Hody (literally the Feasts) is an annual traditional celebration held in many villages and towns of historical land Moravia in the Czech Republic. The festivity is held from May to November in almost all villages and towns of the cultural region of Moravian Slovakia. The time of the celebration differs - each village or town has a church building dedicated to a particular patron saint and usually the nearest Sunday after the date of the saint's day is also the date for celebration of Hody.

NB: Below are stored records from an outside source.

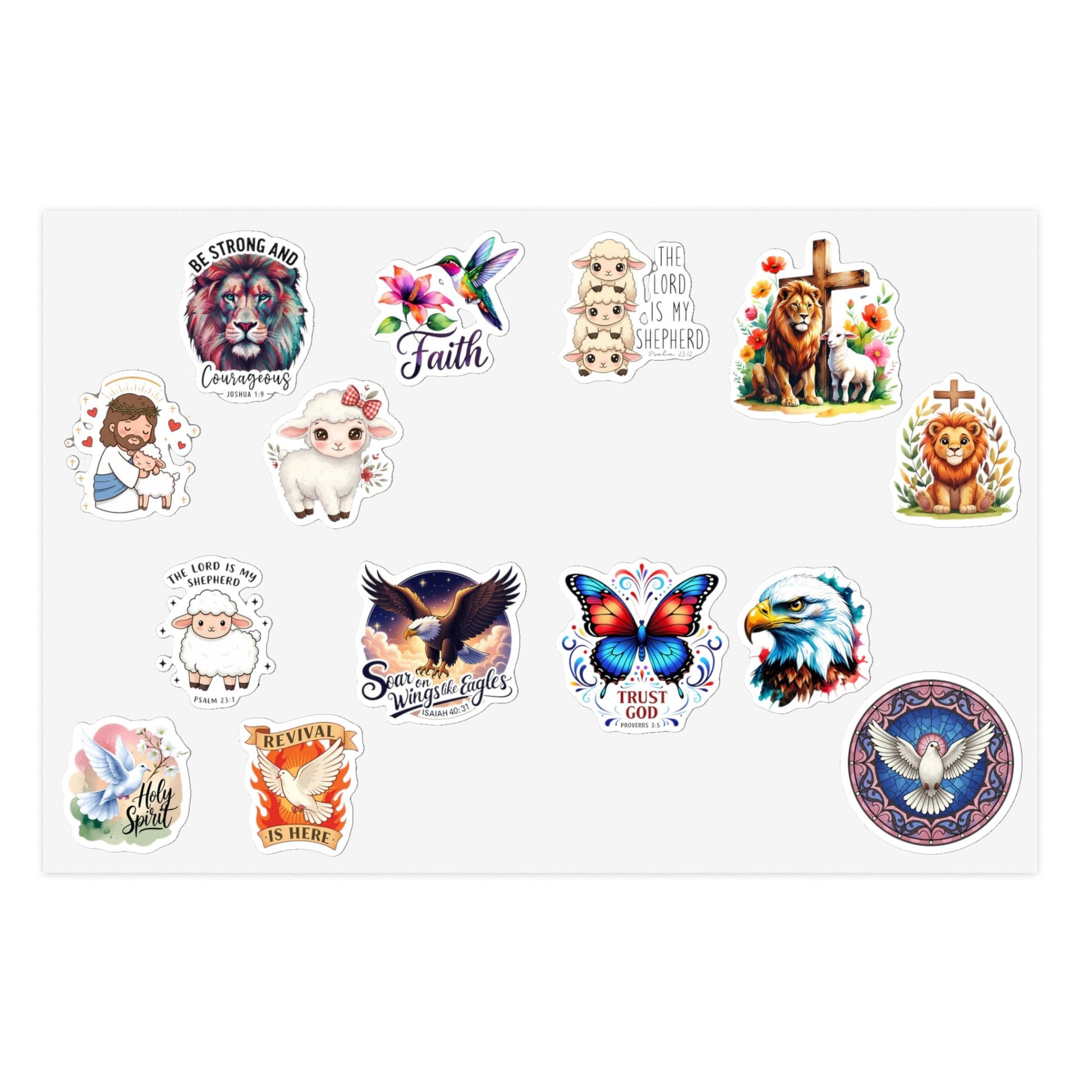 STK76 Christian Animal Sticker Pack – The Lord is My Shepherd, Trust God, Isaiah 40:31 Faith Vinyl Decals for Laptop, Bible, Water Bottle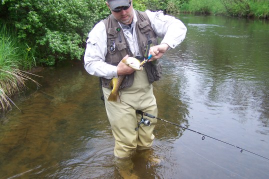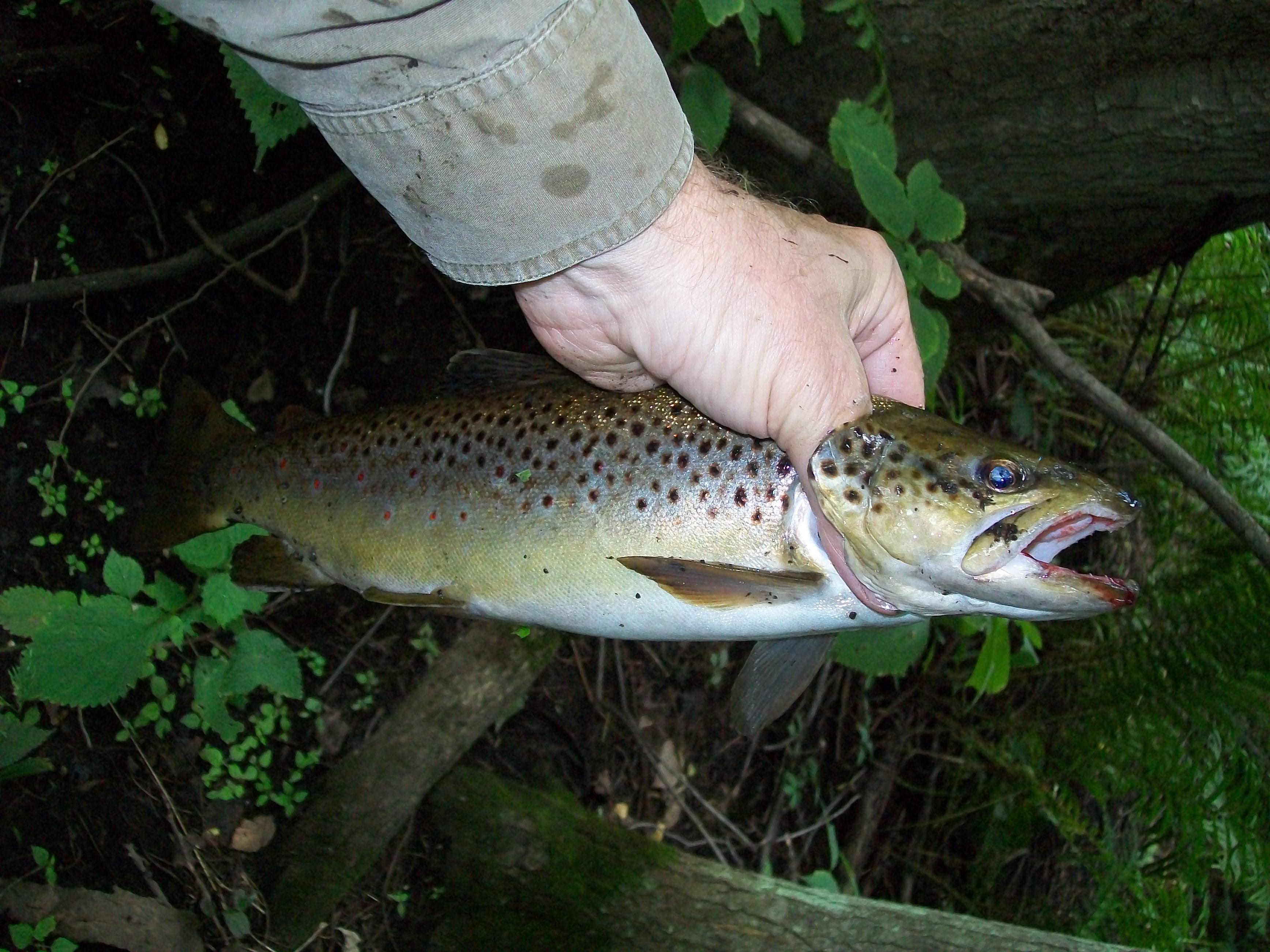 We hadn’t fished but one or two bends before Natch hooked up with another decent fish. It came from under a grassy bank. From then on I was determined to catch something over 21 but it never happened. I did catch a nice rainbow, about 16 inches. It was surprising because brown trout seem to take over and dominate streams. I should mention while Natch and I fished Tin Bridge, Feral fished the Pigeon where it crosses Sturgeon Valley Road and pulled out a 16 inch brook trout. So there you go, exceptions to the rule.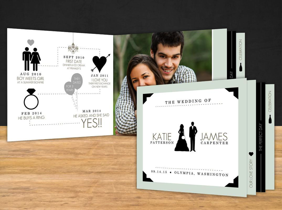 Offering plenty of space for wording, photos, maps, future plans, and personalized design, our wedding booklet cards will showcase everything you ever wanted to share about your big day in a unique way.
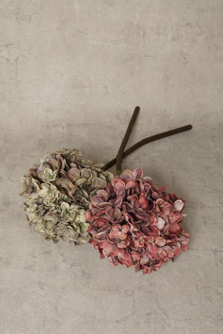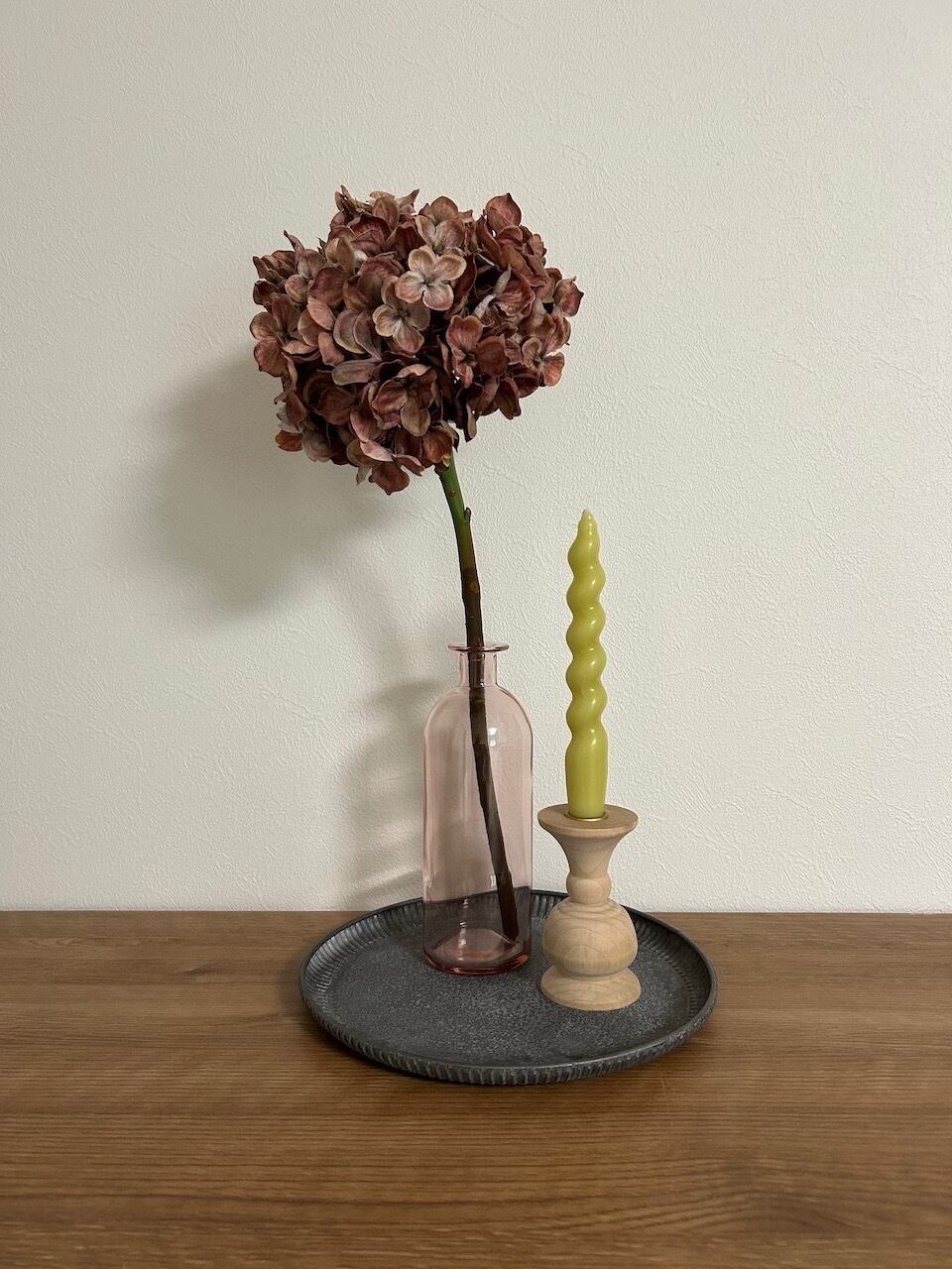 服を着替えるように、その時の気分で生花だったり、ドライだったり、造花だったり。インテリアコーデに草花は欠かせません!インテリアに馴染むアッシュカラーのあじさいは、ロマンチックな雰囲気を作り出します。主役としても脇役としても年間を通して活躍すること間違いなしです☆
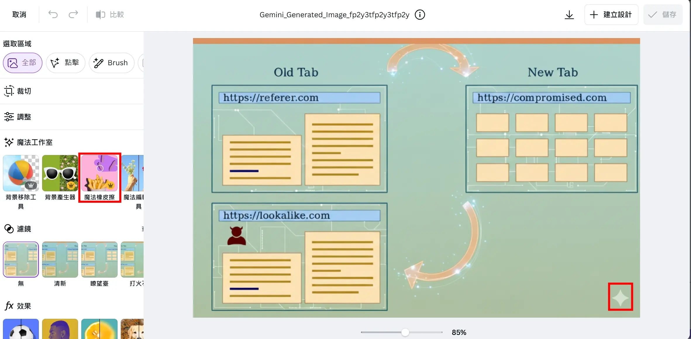 因此,即使你用 Canva 的魔法橡皮擦(Magic Eraser) 輕鬆修掉右下角的星號浮水印,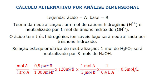 01) Determine a concentração molar (mol/L) de uma solução aquosa de ácido fosfórico, sabendo-se que 40 centímetros cúbicos desta solução neutralizam 120 centímetros cúbicos de solução aquosa 0,5 mol/L de hidróxido de sódio.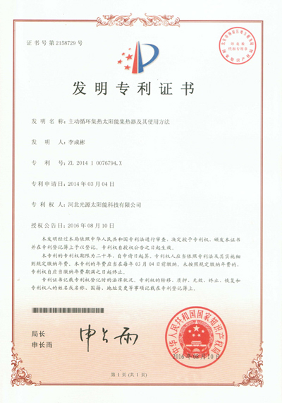 發(fā)明專(zhuān)利證書(shū)--主動(dòng)循環(huán)集熱太陽(yáng)能集熱器及其使用方法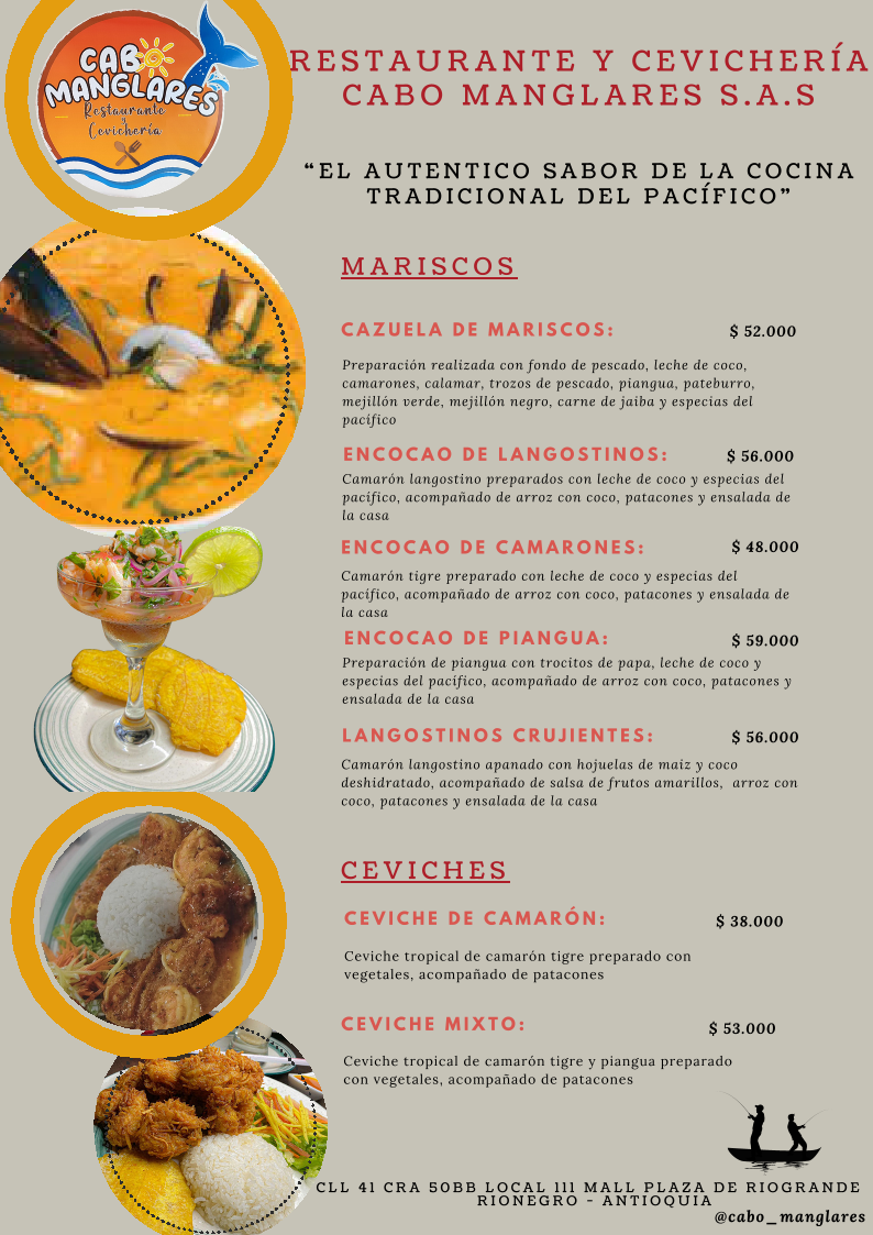 Welcome to Cabo Manglares Restaurante y Cevichería, a delightful gem located in the Mall Plaza de Riogrande, Rionegro, Antioquia. This charming eatery specializes in Pacific Colombian cuisine, offering a taste of the ocean right in the heart of the city. The menu showcases an impressive variety of seafood dishes, making it a paradise for seafood lovers.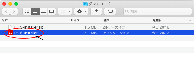 3.フォルダ内にある「LETS-lnstaller」をダブルクリックで起動してください。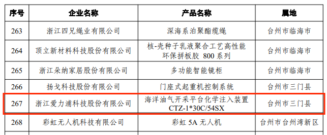 近日,浙江省经济和信息化厅公布2023年度“浙江制造精品”名单,爱力浦产品“海洋油气开采平台化学注入装置”成功入选!
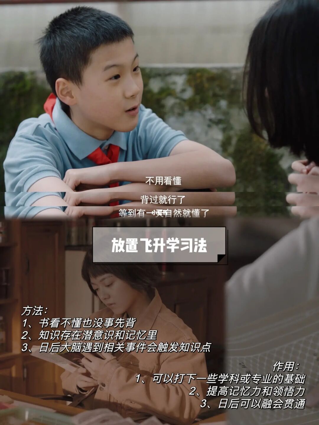 👩🏫作为本剧的学习课代表,开播前六集中涉及到的一些学习方法我已经给大家整理出来了。一目十行法、放置飞升法、重点提思路摘抄法、课文背诵法等等;你们记笔记就行了~

The celebration usually takes place on Sunday and may last one or two more days. In the centre of the event stands a festive maypole (mája or májka) which is usually manually erected one day before the festivity. The maypole is often more than 30 metres tall, built from two or three spruce trees. It is erected with the help of ladders and crowbars. The maypole stands in the centre of a dancing place (in Czech: plac or sólo). People are dancing and singing around with the accompaniment of the brass music.

The main organizer and arranger of Hody is a selected young boy called první stárek (the first stárek - literally the first "old one"). He and a group of young friends (somewhere they are called stáreks - Czech plural: stárci; or they can be called chasa) are responsible for the organization and smooth running of the event. Each stárek (or member of chasa) also has a girl partner, usually called starka or stárka. The boys and girls wears a traditional folk costume, which differs widely from region to region.

At the beginning of Hody, a mayor of the village or town should pass symbolically the rule over to the first stárek.